The union is demanding a Sh5 billion cumulative salary increment under the proposed 2024/2025 CBA.
Failure to conclude negotiations, Nadome warned, would trigger what he dramatically termed “a battle of all mothers’ strikes.”
The threat is far from symbolic. “We are going to stall distribution of power in the country if our woes aren’t addressed,” he declared, piling pressure on Energy Cabinet Secretary Opiyo Wandayi and his team to urgently reopen talks.
Speaking at Tom Mboya Labour College in Kisumu following KETAWU’s national elections, Nadome framed the standoff as more than a wage dispute, casting it as a broader test of government sincerity on labour rights.

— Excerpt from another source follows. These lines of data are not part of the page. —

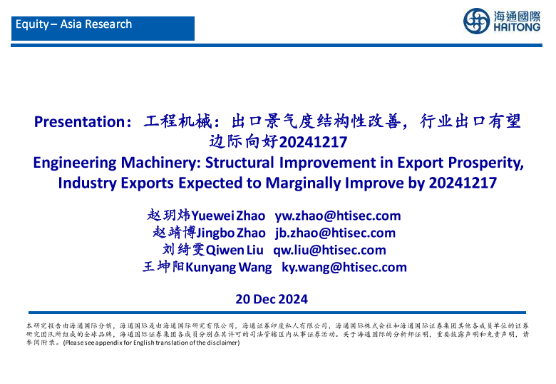 【海通国际】【20241217】工程机械:出口景气度结构性改善,行业出口有望边际向好-45页
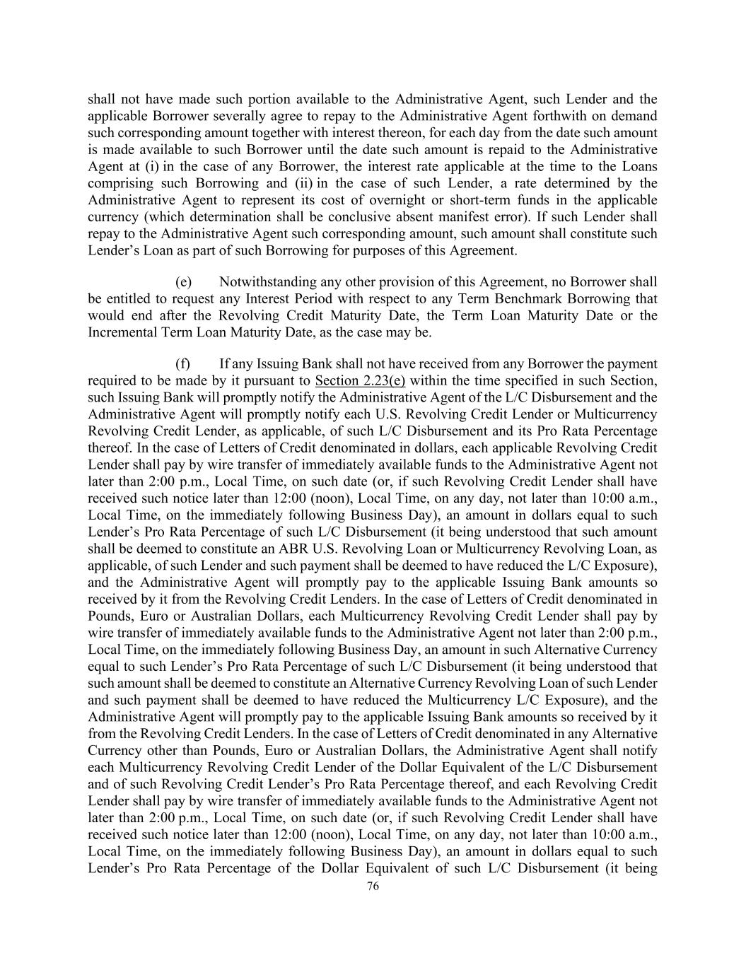 114 Revolving Credit Commitments that are the same Class as the Incremental Revolving Loans and shall not apply to any other Class of Revolving Loans. (e) Notwithstanding anything to the contrary herein, this Section 2.27 shall supersede any provisions in Sections 2.17 or 9.08 to the contrary. SECTION 2.28. Defaulting Lenders. (a) Notwithstanding any provision of this Agreement to the contrary, if any Lender becomes a Defaulting Lender, then, until such time as such Lender is no longer a Defaulting Lender, to the extent permitted by applicable law: (i) Such Defaulting Lender’s right to approve or disapprove any amendment, waiver or consent with respect to this Agreement shall be restricted as set forth in the definition of Required Lenders. (ii) Any payment of principal, interest, fees or other amounts received by the Administrative Agent for the account of such Defaulting Lender (whether voluntary or mandatory, at maturity, pursuant to Article VII or otherwise) or received by the Administrative Agent from a Defaulting Lender pursuant to Section 9.06 shall be applied at such time or times as may be determined by the Administrative Agent as follows: first, to the payment of any amounts owing by such Defaulting Lender to the Administrative Agent hereunder; second, to the payment on a pro rata basis of any amounts owing by such Defaulting Lender to any Issuing Bank or U.S. Swingline Lender hereunder; third, to cash collateralize, in accordance with Section 2.23(j), the Issuing Banks’ Fronting Exposure with respect to such Defaulting Lender; fourth, as the applicable Borrower may request (so long as no Default or Event of Default exists), to the funding of any Loan in respect of which such Defaulting Lender has failed to fund its portion thereof as required by this Agreement, as determined by the Administrative Agent; fifth, if so determined by the Administrative Agent and the applicable Borrower, to be held in a deposit account and released pro rata in order to (A) satisfy such Defaulting Lender’s potential future funding obligations with respect to Loans under this Agreement and (B) cash collateralize, in accordance with Section 2.23(j), the Issuing Banks’ future Fronting Exposure with respect to such Defaulting Lender with respect to future Letters of Credit issued under this Agreement; sixth, to the payment of any amounts owing to the Lenders, the Issuing Banks or the U.S. Swingline Lenders as a result of any judgment of a court of competent jurisdiction obtained by any Lender, Issuing Bank or U.S. Swingline Lender against such Defaulting Lender as a result of such Defaulting Lender’s breach of its obligations under this Agreement; seventh, so long as no Default or Event of Default exists, to the payment of any amounts owing to a Borrower as a result of any judgment of a court of competent jurisdiction obtained by a Borrower against such Defaulting Lender as a result of such Defaulting Lender’s breach of its obligations under this Agreement; and eighth, to such Defaulting Lender or as otherwise directed by a court of competent jurisdiction; provided that if (x) such payment is a payment of the principal amount of any Loans or L/C Disbursements in respect of which such Defaulting Lender has not fully funded its appropriate share and (y) such Loans were made or the related Letters of Credit were issued at a time when the conditions set forth in Section 4.02 were satisfied or waived, such payment shall be applied solely to pay the Loans of, and L/C Disbursements owed to, all Non-Defaulting Lenders on a pro rata basis prior to being applied to the payment of any
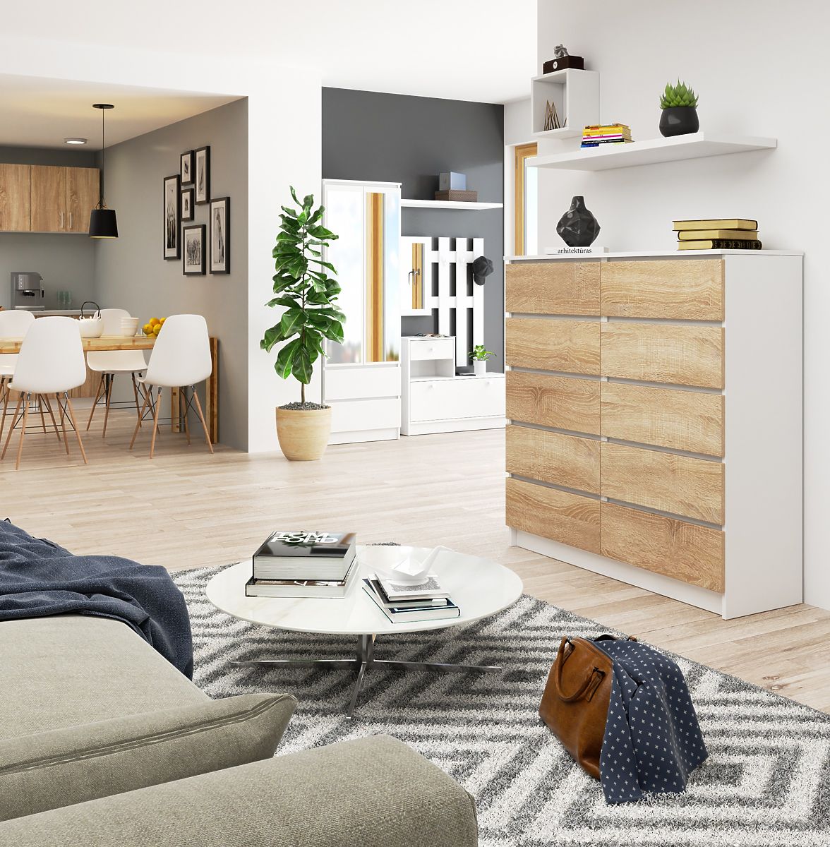 Chests of drawers are functional furniture, essential for organizing textiles and other items. Sometimes there are really a lot of them. In such cases, it's worth choosing the white K 120 cm chest of drawers with sonoma-colored drawer fronts - it contains up to 10 drawers, providing plenty of free space for use. Best placed in the living room, bedroom, or hallway.
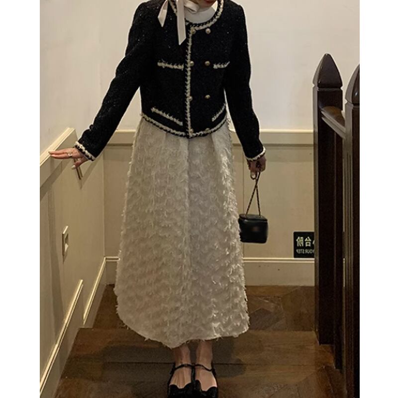 大人可愛いフリンジジャガードパーティードレス。
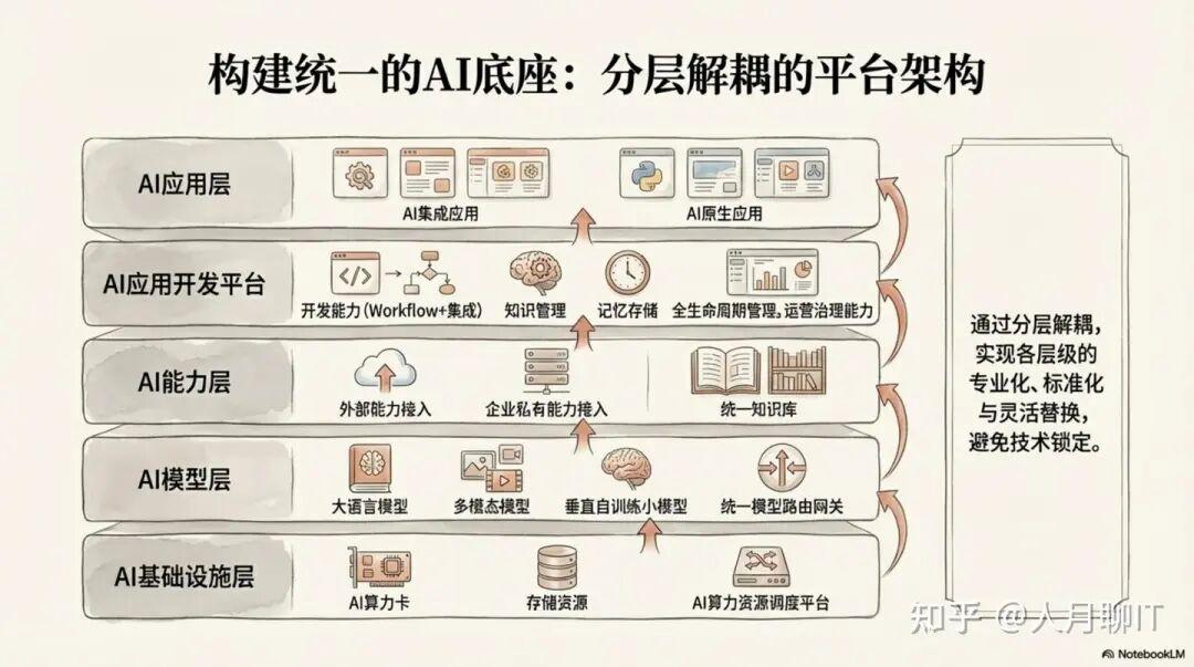 一个健壮的企业级AI平台必须采用分层解耦的架构设计,以确保战略灵活性和技术可扩展性。其典型的分层架构如下:
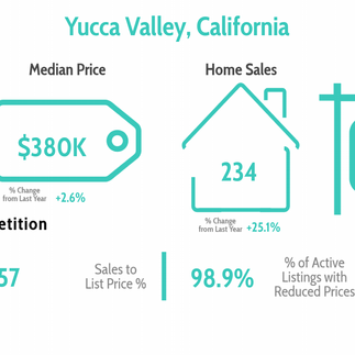 Yucca Valley | 234 | +25.1% | $379,500 | +2.6% | 57 | 22% |
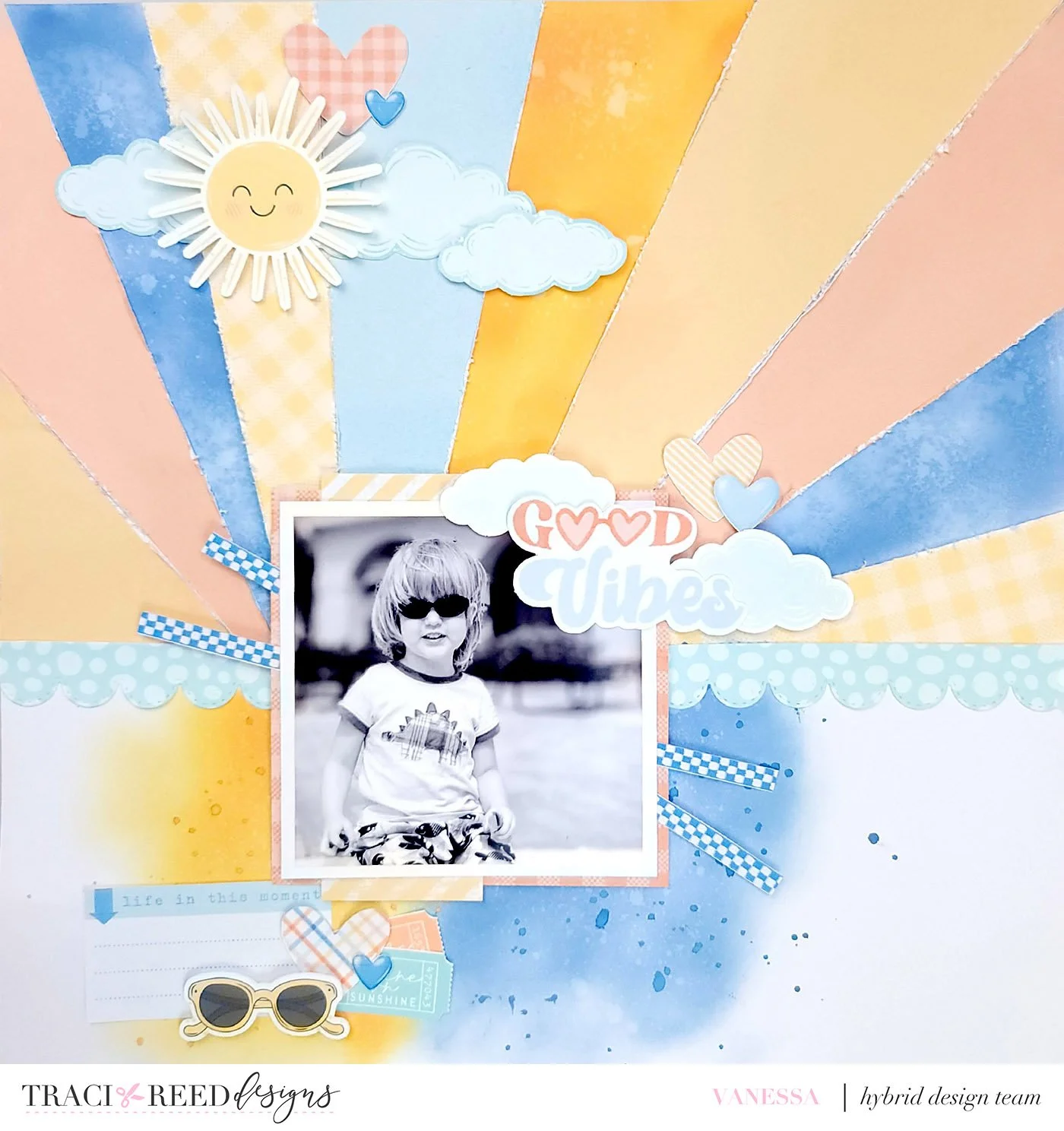 Today for MIUM we are pairing the new Brighter Days and Flower Child collections. These two collections are adorable together. The color tones of each collection coordinate together so well. For my layout I pulled the orange, yellow and blue tones from the two collections to create my page. I love how seamlessly the pattern papers and embellishments pulled together to make a fun summer layout.

He accused authorities of frustrating earlier attempts to implement a draft CBA, describing the process as a “nightmare” marked by bureaucratic inertia and institutional resistance.
Armed with what he termed a fresh mandate from workers, Nadome signalled that the union was restarting the battle with renewed resolve.
That mandate carries political weight.
Nadome’s re-election consolidates his authority at a time when labour unions are increasingly flexing muscle in response to rising living costs and perceived corporate excess.
He thanked members for renewing their confidence in his leadership, promising not to squander it.
The timing is particularly sensitive for government.
In early January 2026, KETAWU also re-elected its Mt Kenya East branch officials unopposed, a move widely interpreted as a show of internal unity and organisational stability.
The branch leadership has pledged to prioritise delivery of pending CBAs, further strengthening the union’s bargaining position.
KETAWU’s demands are also being shaped by recent victories elsewhere in the energy sector.
The union recently concluded a CBA with the Geothermal Development Company (GDC) covering the 2022–2025 period, setting a benchmark that has raised expectations among workers at Kenya Power, KenGen and other state-linked utilities.
From a business perspective, the looming standoff exposes a familiar dilemma within Kenya’s state corporations: how to balance fiscal discipline with industrial peace.
While profitability excites shareholders and Treasury technocrats, unresolved CBAs risk translating boardroom success into nationwide disruption.
For Kenya Power, even a short strike could ripple across manufacturing, healthcare, transport and digital services, turning an industrial dispute into an economic shock.
Politically, the stakes are even higher.
A shutdown of power distribution would instantly escalate the issue into a national crisis, forcing the government to choose between conceding to union demands or absorbing public backlash.
Nadome’s call for direct engagement with CS Wandayi is therefore both a warning and an olive branch.
As February approaches, all eyes are on whether dialogue will prevail or whether confrontation will define the next chapter in Kenya’s energy labour relations.
What is clear is that KETAWU, emboldened by leadership stability and recent CBA wins, is no longer content to wait quietly in the dark while profits glow elsewhere.